— Рисовать я тоже умею, — сказал Мысюк.
— Вот и нарисуй, — предложил я. — День рождения у них через три часа. Прикинь, сколько там одной картошки наварят! Не считая колбасы да и вообще… А то вечно так – если картину в подарок, то всегда я да я, а жрём потом вместе… Держи карандаш!
— Ей-богу, — сглотнул Мысюк, — вот если хоть копейку теперь со стипендии пропью…
— Да ладно, — махнул рукой я, — слышали уже. Давай рисуй!
— Что рисовать? — осторожно спросил Серёга. — Я, в принципе, только женщину научился…
— Ну, и рисуй женщину, — хмыкнул я.
Но хмыкнул уже с интересом. Мы сидели в Сокольниках, зимняя сессия была сдана, в комнате у Кошки готовился день рожденья и получалось, что если мы создадим шедевр, то нас тогда на этом празднике точно покормят. Тем более, Кошке из Алма-Аты посылка пришла.
Я собирался рисовать не то иллюстрацию к «Бесам», не то эротическое полотно под названием «Два синонима любят друг друга среди оксюморонов», — честно говоря, уже не помню.
А Серёга, оказывается, мог нарисовать женщину. В принципе, тоже ничего.
— Ладно, что я с обуви начну? — тихо спросил он. — Я женщину с обуви лучше понимаю…
— Откуда хочешь, — заинтриговался я.
Мысюк отложил на кровать истрепанную Das Glasperlenspiel, заложенную на том месте, где Magister Knecht пишет Plinio Designori своё знаменитое «обаче дерзаю тебе сказать тако…». Не знаю, как по-немецки будет «обаче» и «тако», но Мысюк читал Гессе в оригинале.
Он взял карандаш и осторожно повёл линию.
— В гробу я такое видел… — сообщил я ему на пятой минуте сеанса, — только ватман зря испортил.
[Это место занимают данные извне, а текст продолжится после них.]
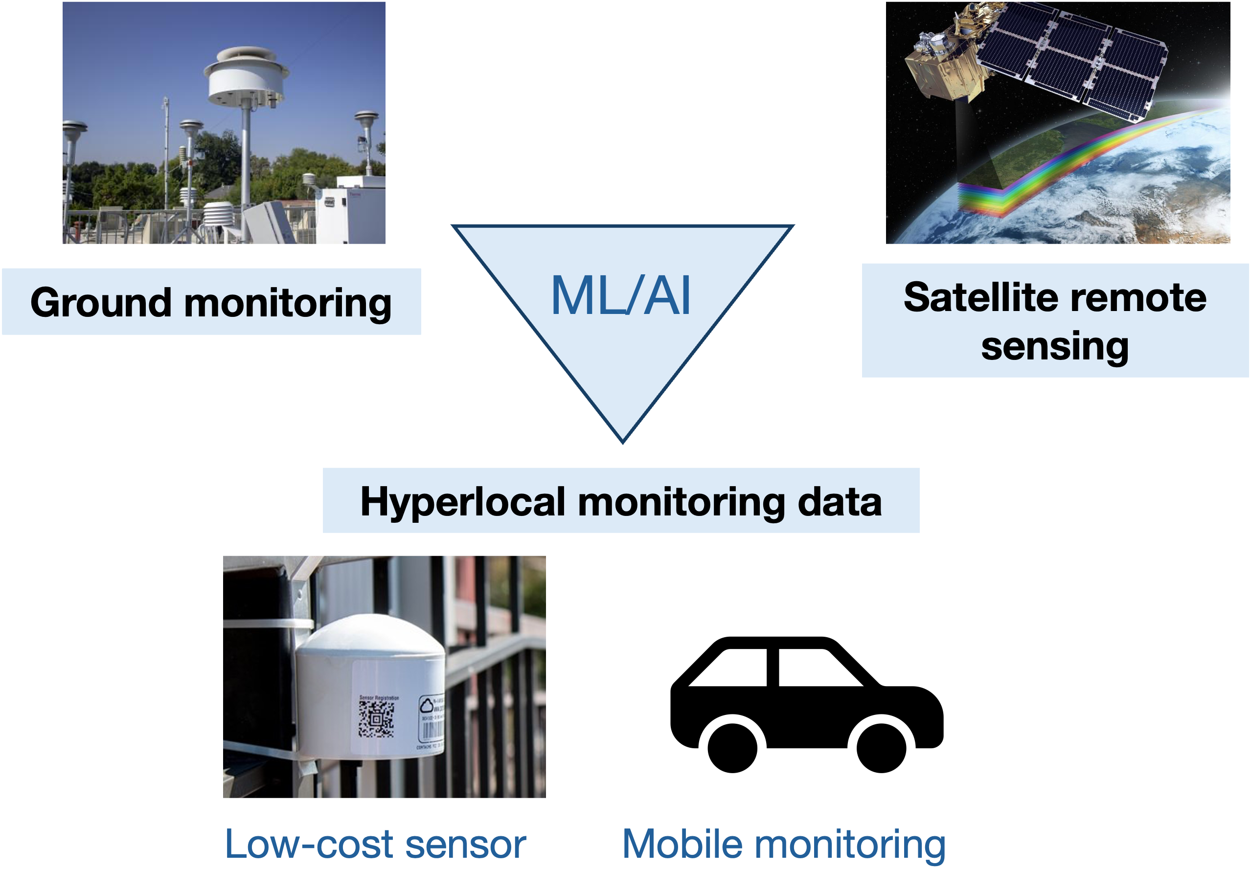 We aim to predict air pollution concentration at high spatial-temporal resolution using data from satellite remote sensing, low-cost sensors, and other sources. Data from multiple sources can provide better spatial and temporal coverage at fine scales. The fine-scale pollution mapping can better quantify human exposure to ambient air pollution.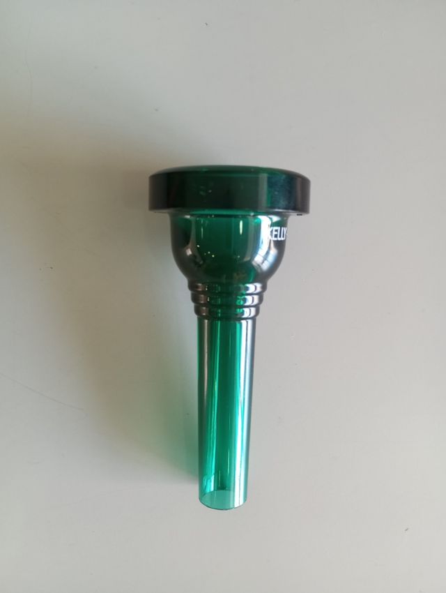 Disponemos de varias unidades. Boquilla para trombón marca Kelly, modelo 5G, en color verde. - Material: Plástico. - Color: Verde translúcido. - Modelo: 5G.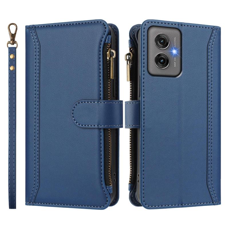 For Motorola Moto G55 5G Magnetic Closure 9 Card Slots Zipper Leather Case with Hand Strap(Dark Blue)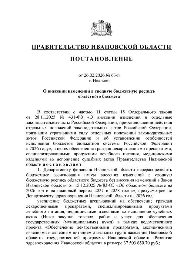 Постановление Правительства Ивановской области от 26.02.2026 N 63-п "О внесении изменений в сводную бюджетную роспись областного бюджета"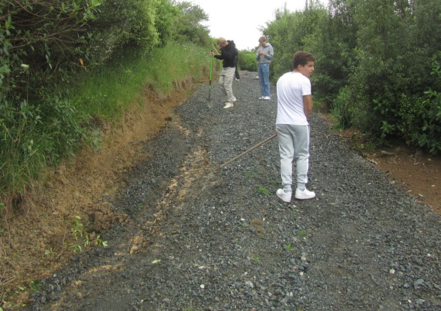 The other team worked on fixing some washouts on the main race. Some of the drains and culverts were blocked during the heavy rain and as a result water flowed onto the road surface and cut channels in the metal.
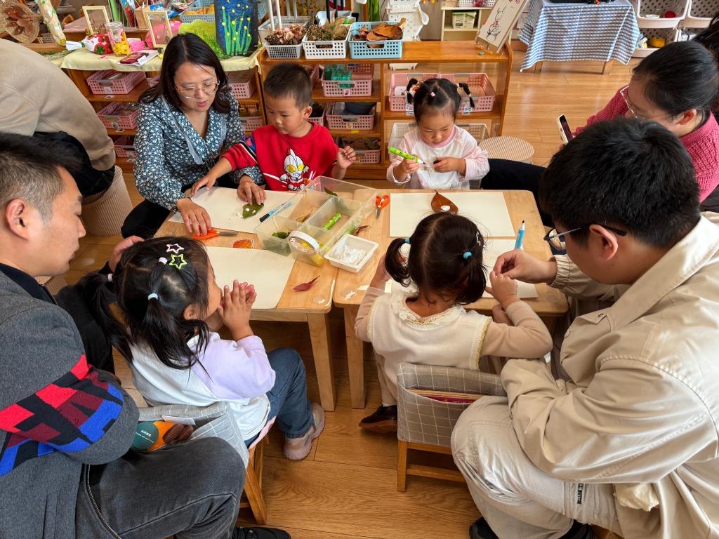 亲子游戏“绘玩时光--落叶跳舞”更是将活动推向了高潮。孩子们与家长一起,利用收集的落叶和手工材料,共同制作了落叶小人。通过绘本共读、灵感激发、示范讲解、亲子创作等环节,孩子们不仅锻炼了动手能力,还增进了与家长之间的亲子关系。作品展示与分享环节,孩子们自豪地展示了自己的作品,并与家长互相欣赏、夸赞,场面温馨而感人。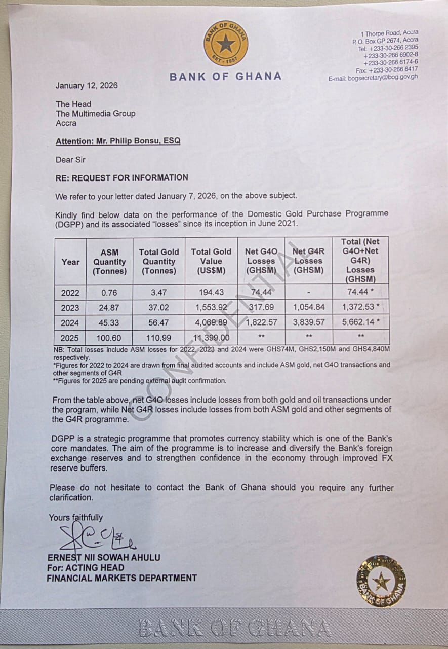 The Bank of Ghana (BoG) has disclosed a significant rise in losses under its Domestic Gold Purchase Programme (DGPP), with figures hitting GHS 5.66 billion in 2024.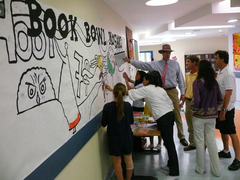 Book Bowl is another major library program. Here, students made a mosaic from thousands of squares of colored paper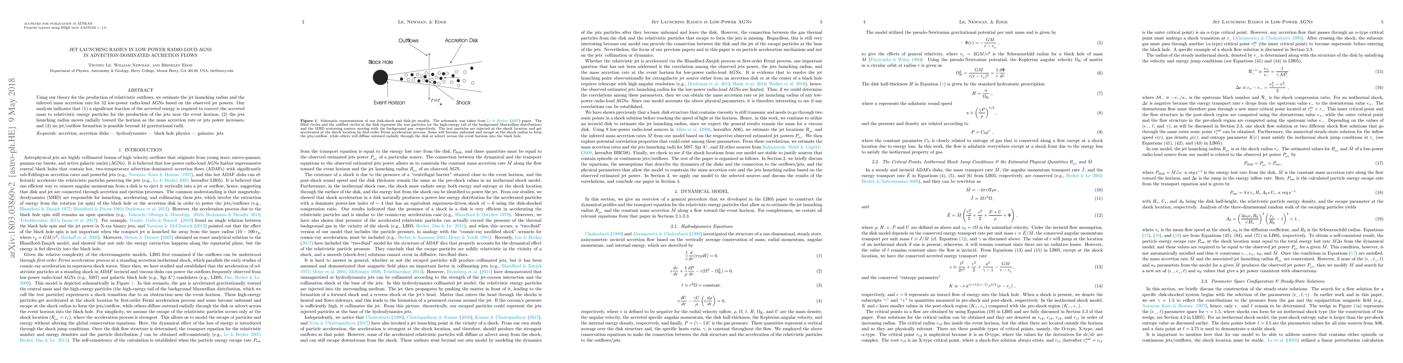 Using our theory for the production of relativistic outflows, we estimate the jet launching radius and the inferred mass accretion rate for 52 low-power radio-loud AGNs based on the observed jet powers. Our analysis indicates that (1) a significant fraction of the accreted energy is required to convert the accreted mass to relativistic energy particles for the production of the jets near the event horizon, (2) the jets launching radius moves radially toward the horizon as the mass accretion rate or jets power increases, and (3) no jet/outflow formation is possible beyond 44 gravitational radii.

Женщина, предложенная Мысюком, могла б мне привидеться только в жутком сне. Пикассо, и тот, поди б, лучше нарисовал. А, с другой стороны, для солдатского, допустим, сна могла бы сойти и такая.
— Нет! — развеял Серёга мои предположения. — Как раз в армии они на мои художества то же самое сказали, что и ты только что…
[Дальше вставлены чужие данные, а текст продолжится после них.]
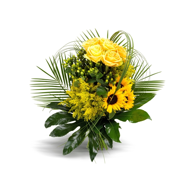 En lyxig sommarhälsning! Solrosor, gula rosor och limefärgat i flera nivåer, gör denna höga bukett till en glädjefröjd i betraktarens öga.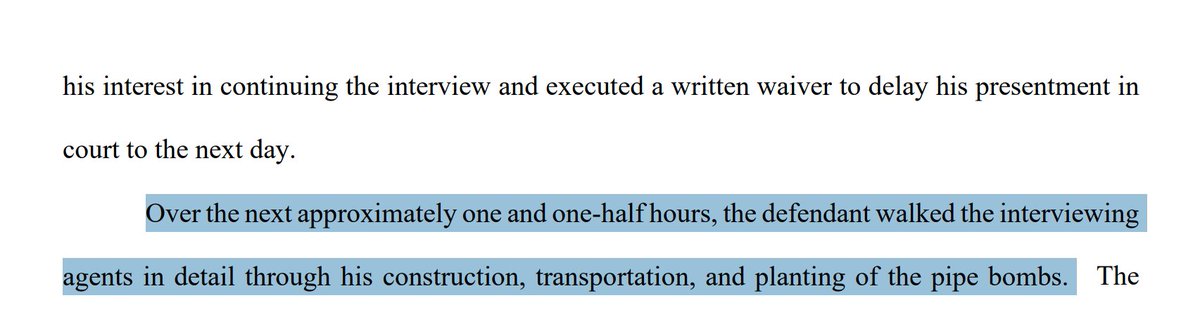 - "Over the next approximately one and one-half hours, the defendant walked the interviewing agents in detail through his construction, transportation, and planting of the pipe bombs."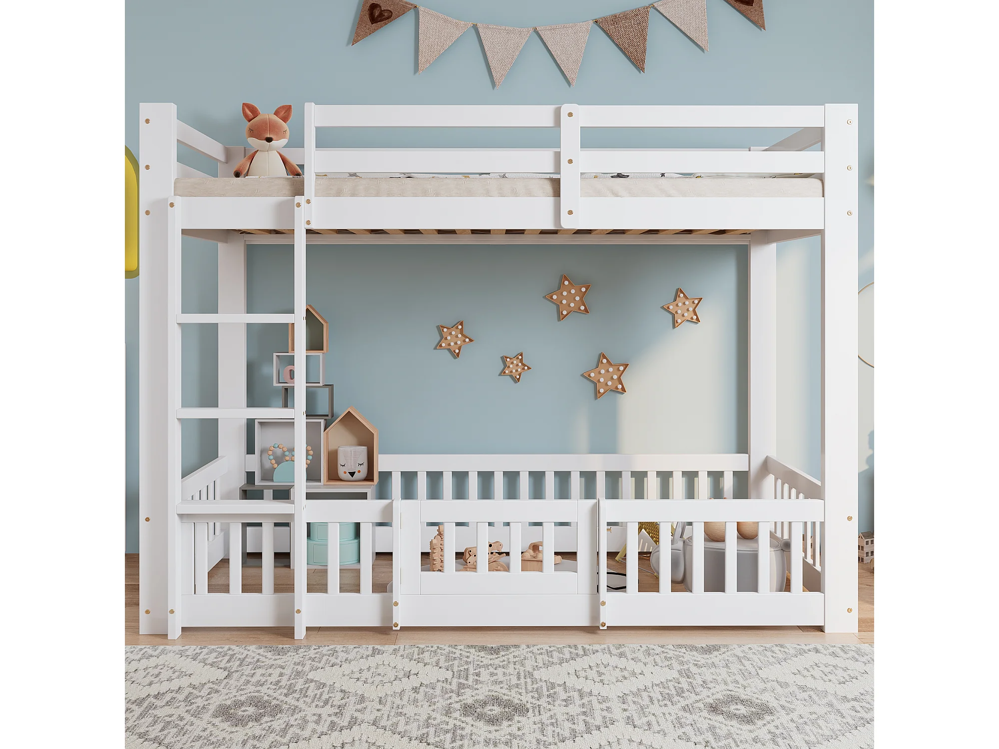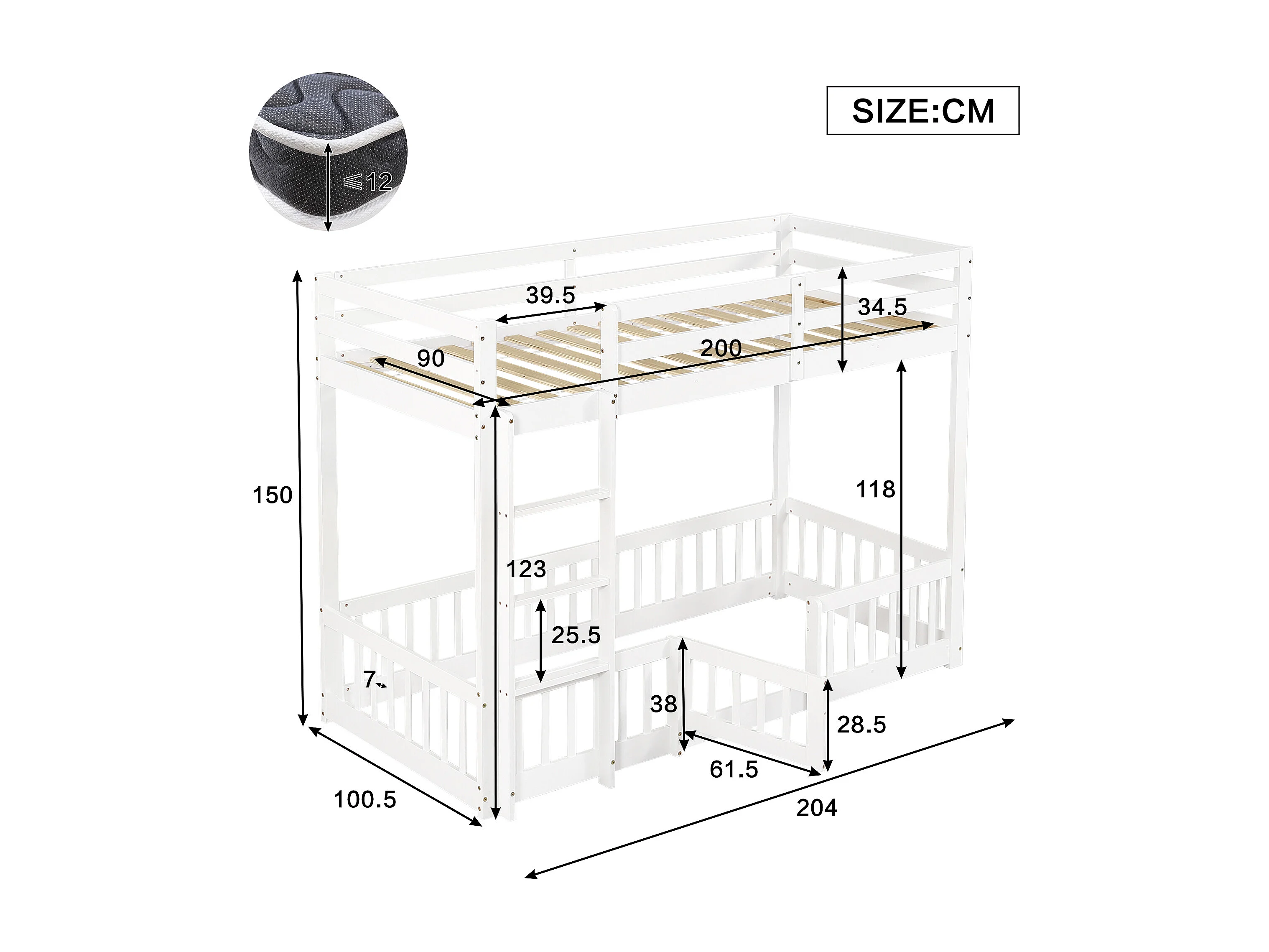 Litera de madera, con escalera recta, barandilla, puerta y espacio bajo la cama, Pino + LVL, Blanco (204x100,5x150 cm)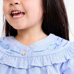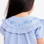 A summery ruffle collar shirt from the limited edition Go Fish! collection. Made from breezy organic cotton with tonal blue fish embroidery detailing at the collar and signature button front closure.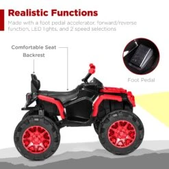 LARGE, TREADED WHEELS: With 4-wheel suspension, it can conquer grass, dirt, driveways, and sidewalks, while LED headlights and a horn create a fun and realistic ATV experience!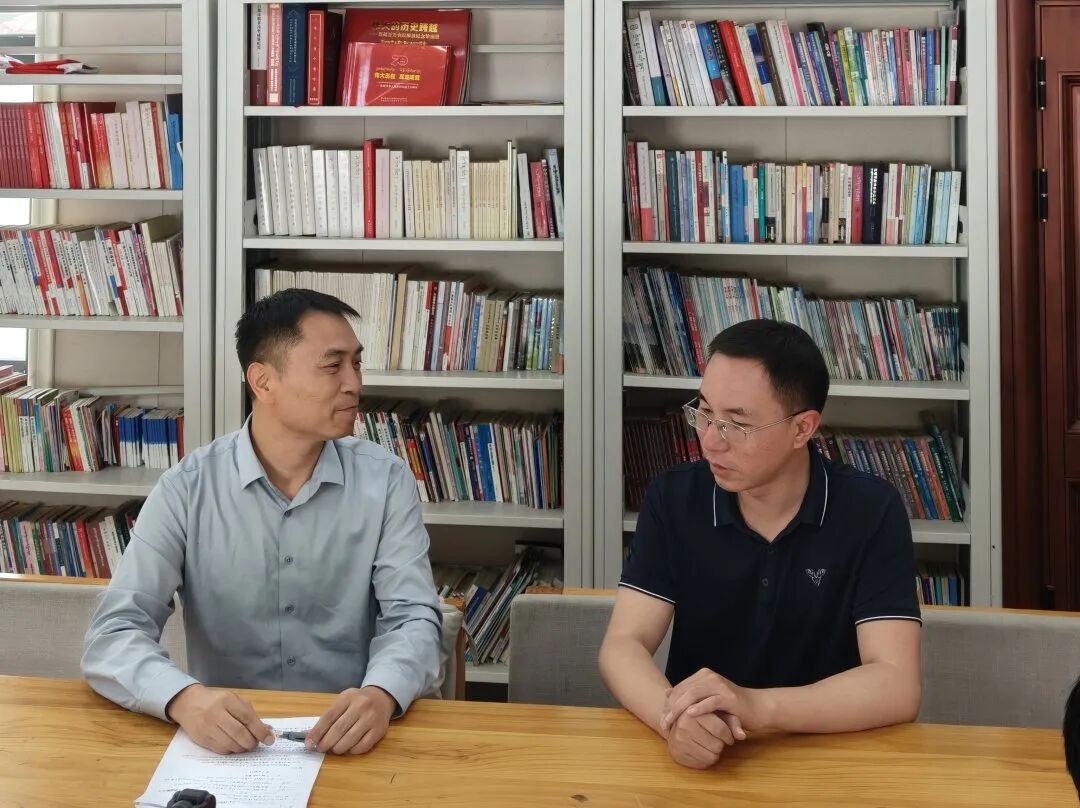 ▲太阳成集团tyc陈占明教授访谈白马镇党委书记刘旭

— Я в гробу видал, чтоб в истребительной авиации такой художник служил! — орал начальник штаба. — Шишкин, блин! Чайковский, твою мать!
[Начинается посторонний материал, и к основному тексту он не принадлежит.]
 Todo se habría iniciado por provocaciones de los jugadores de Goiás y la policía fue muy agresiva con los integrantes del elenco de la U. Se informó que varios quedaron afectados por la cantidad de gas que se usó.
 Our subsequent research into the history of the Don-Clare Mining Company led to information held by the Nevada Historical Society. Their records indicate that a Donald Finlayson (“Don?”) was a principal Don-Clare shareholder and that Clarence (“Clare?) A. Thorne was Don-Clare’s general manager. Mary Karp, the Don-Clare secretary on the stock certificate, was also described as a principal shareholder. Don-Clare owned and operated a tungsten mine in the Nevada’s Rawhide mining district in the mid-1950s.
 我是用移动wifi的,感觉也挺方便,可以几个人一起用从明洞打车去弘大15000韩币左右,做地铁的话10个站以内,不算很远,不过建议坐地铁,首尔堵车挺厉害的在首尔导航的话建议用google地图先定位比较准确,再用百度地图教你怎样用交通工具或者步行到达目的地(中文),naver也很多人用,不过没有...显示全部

…Начальник штаба ходил вдоль строя.
— Художники, блин, электрики, на хрен, есть?
Мысюк сделал шаг вперед.
— Ты, блин, военный, кто? Электрик?
Серёга, которого всю жизнь било током, сказал:
— Художник.
… Три дня он просидел в клубе, опасливо трогая кисточки. Потом пришел начальник штаба и сказал:
— Нарисуешь, на хрен, картину. Метра, блин, три на четыре. Во, держи образец!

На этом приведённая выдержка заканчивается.